Return every line of the records, exact and in full, until you have returned the line with "(2)让客户签收。让客户对接", and include none of the pictures.

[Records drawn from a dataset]
======

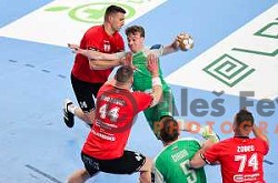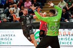 in action during first 1.NLB league semi-final handball match between Celje Pivovarna Lasko and Gorenje Velenje in Celje, Slovenia on May 17, 2025.
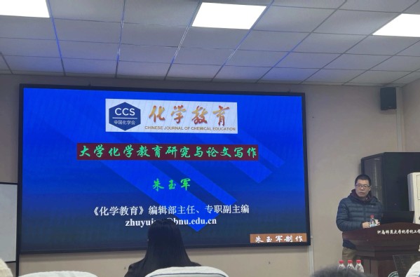 20251114日上午,核心期刊《化学教育》专职副主编、编辑部主任朱玉军博士应邀为我作题为《大学化学教育研究与论文写作》的专题讲座。讲座由赵茜怡院长主持,广大师生积极参加并展开深入交流
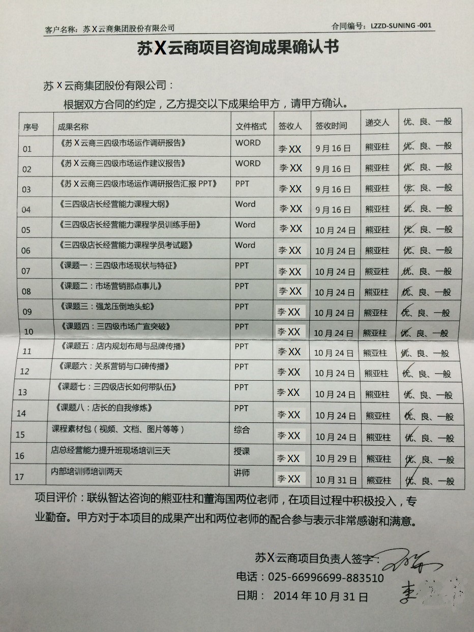 (2)让客户签收。让客户对接人签收你提交的成果,以表示收到。这个就有点投机取消的意思,因为让顾客正式的确认,除非你项目做的很好,或是对接人对你的成果特别了解,而有些没有能力分辨你的成果好坏的人,是不敢签字确认你做的好坏的,这样我们就让他签收,表示收到我们的某某文件,当然我们不会备注,如果在7日之内没有提出异议即表示认同。
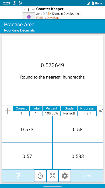 พื้นที่ฝึกฝนคือสถานที่สำหรับพัฒนาความแม่นยำและความเร็วในการแก้ปัญหา มีโจทย์ปรนัยแบบสุ่มจำนวนไม่จำกัด พร้อมเฉลยทีละขั้นตอนหลังจากตอบคำถามแล้ว คุณสามารถตั้งค่าเวลาเฉลี่ยที่เร็วที่สุดหรือสถิติการตอบถูกติดต่อกันยาวนานที่สุดสำหรับหลายหัวข้อได้
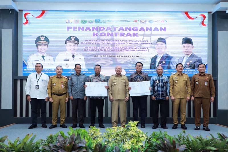 BANJARBARU – Gubernur Kalimantan Selatan H Muhidin didampingi Ketua DPRD H Supian HK dan Sekda M Syarifuddin menyaksikan Penandatangan Kontrak Pembangunan Jembatan Penghubung Daratan Kalimantan-Kabupaten Tanah Bumbu-Pulau Laut-Kabupaten Kotabaru (Tahun Jamak), di Aula Kantor Dinas Pekerjaan Umum dan Penataan Ruang (PUPR) Kalsel, Senin (30/3).
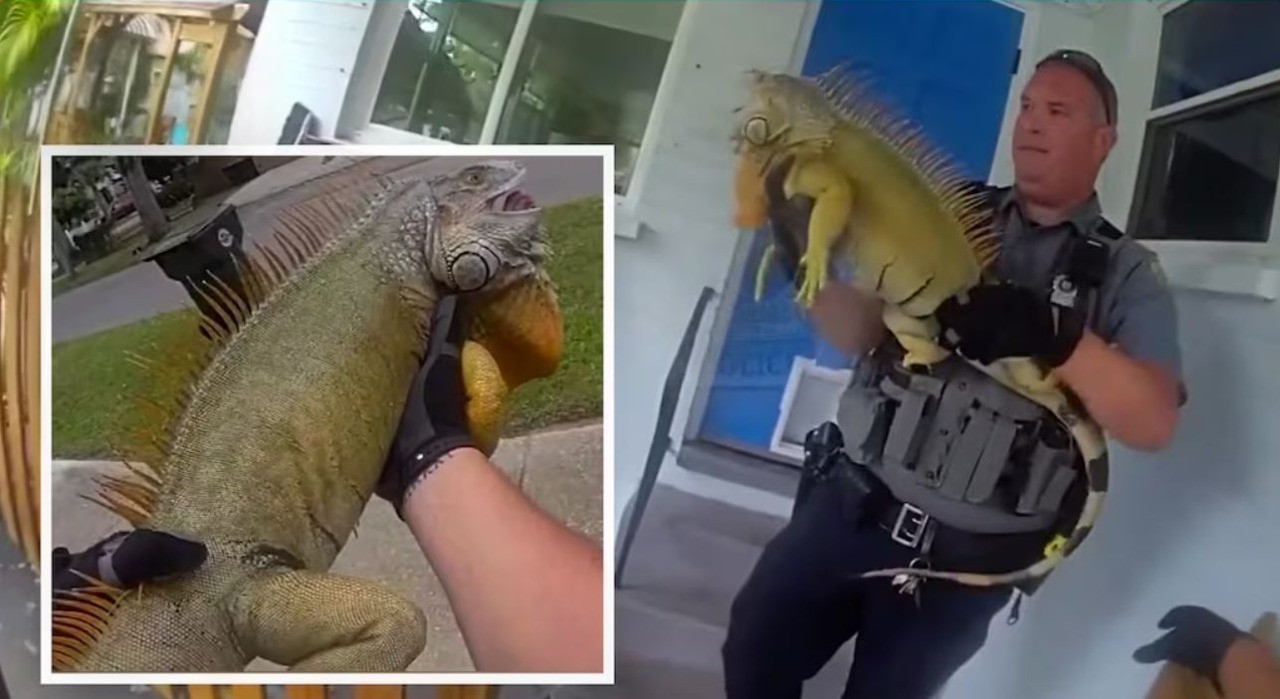 Для этих мест такое животное нехарактерно, поэтому полицейские считают, что игуана сбежала из домашнего террариума. Сейчас ищут хозяина беглеца.
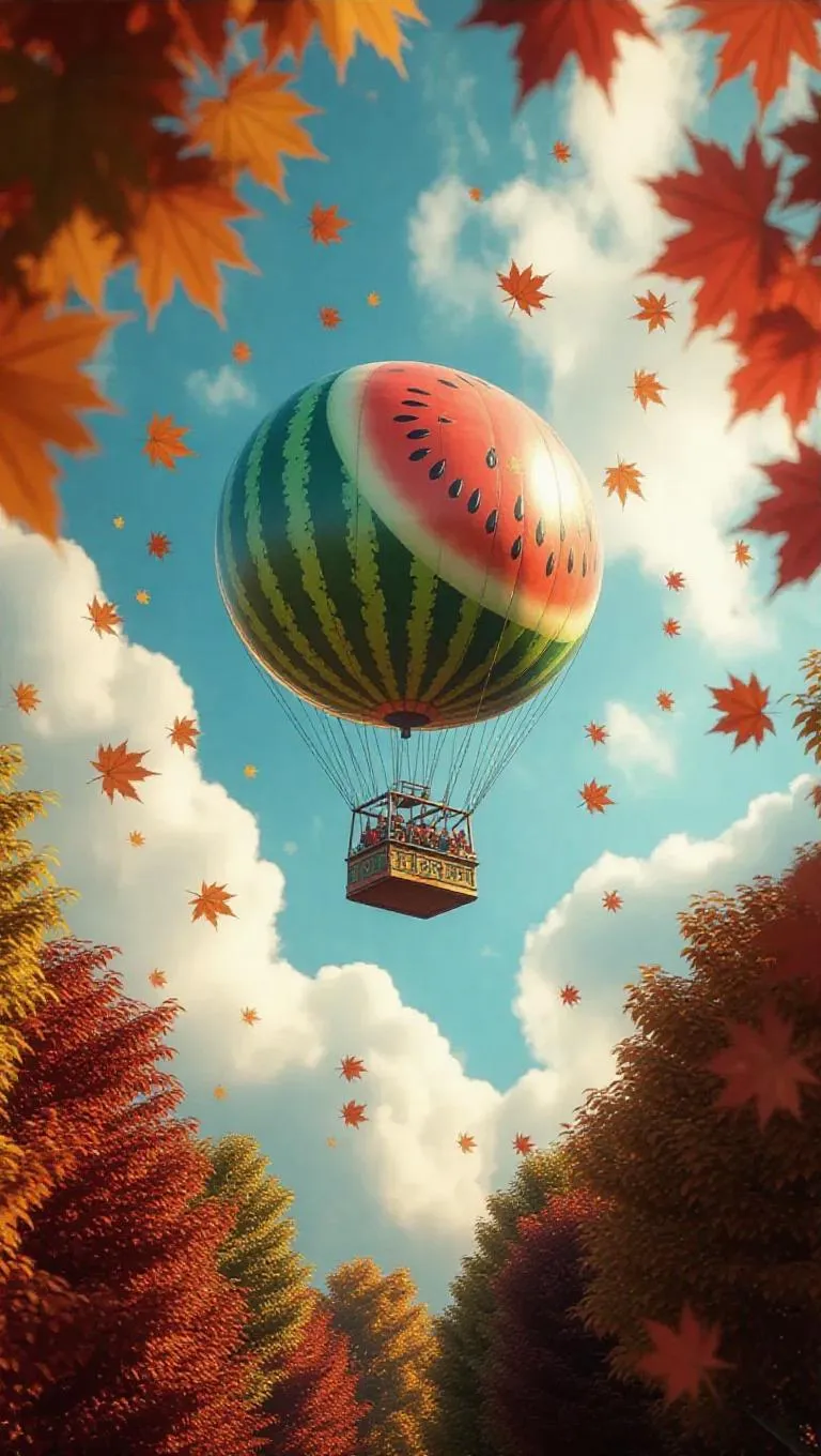 A whimsical watermelon-shaped blimp gliding through a colorful autumn sky, carrying delighted travelers. The blimp's vibrant green and red hues contrast with golden and crimson leaves, creating a surreal and enchanting atmosphere. Autumn sunlight filters through, casting a warm, inviting glow that enhances the magical journey
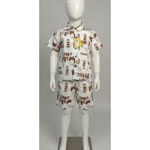 Kids White Brown Print Short Sleeve Shirt Shorts Set
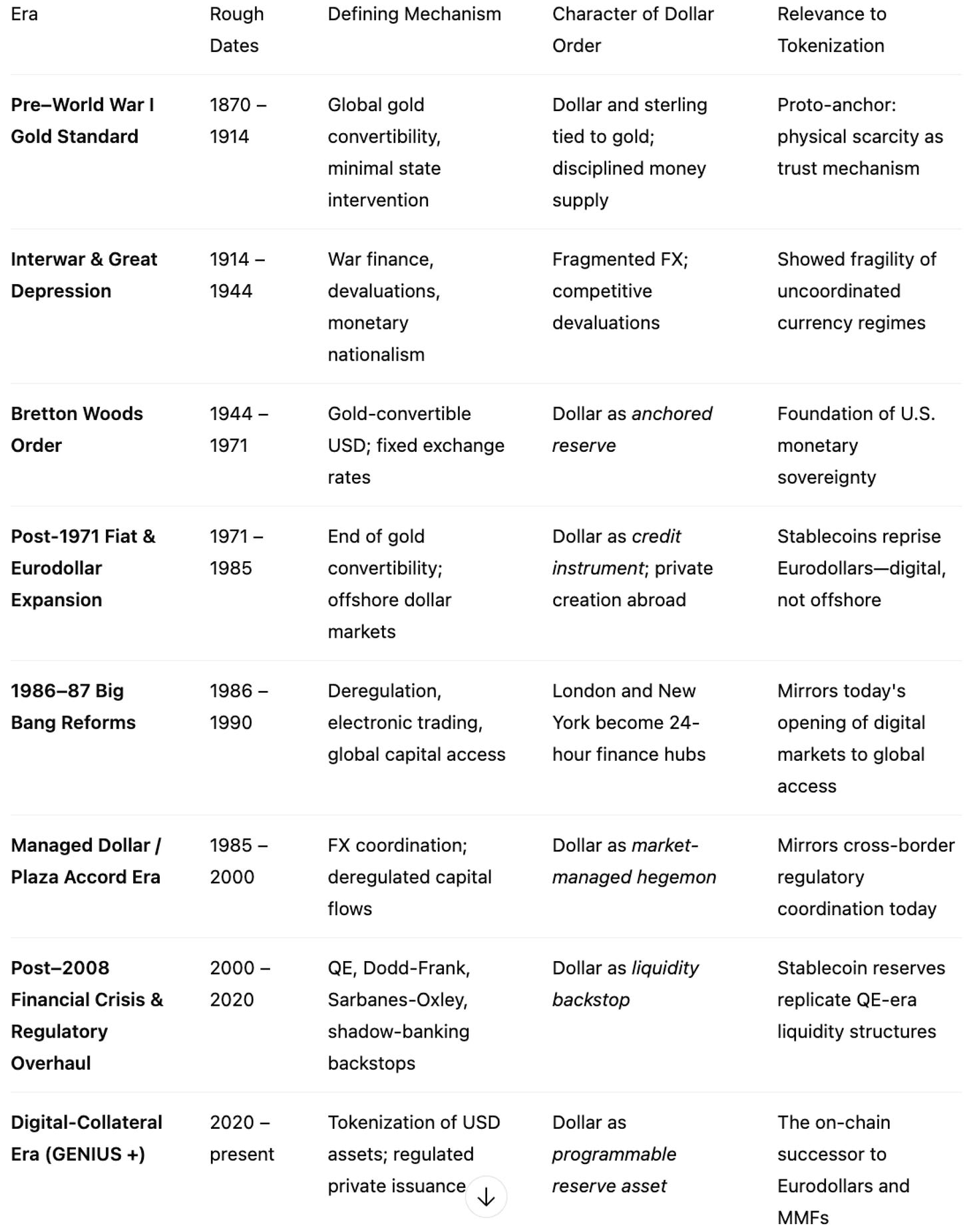 To see where we are in the never-ending arc of monetary innovation, Table F maps eight recent major eras—from the gold standard to today’s digital-collateral regime—showing how each shift redefined what backed the dollar and who governed it.

======

■ **Result of this task**
 in action during first 1.NLB league semi-final handball match between Celje Pivovarna Lasko and Gorenje Velenje in Celje, Slovenia on May 17, 2025.
 20251114日上午,核心期刊《化学教育》专职副主编、编辑部主任朱玉军博士应邀为我作题为《大学化学教育研究与论文写作》的专题讲座。讲座由赵茜怡院长主持,广大师生积极参加并展开深入交流
 (2)让客户签收。让客户对接人签收你提交的成果,以表示收到。这个就有点投机取消的意思,因为让顾客正式的确认,除非你项目做的很好,或是对接人对你的成果特别了解,而有些没有能力分辨你的成果好坏的人,是不敢签字确认你做的好坏的,这样我们就让他签收,表示收到我们的某某文件,当然我们不会备注,如果在7日之内没有提出异议即表示认同。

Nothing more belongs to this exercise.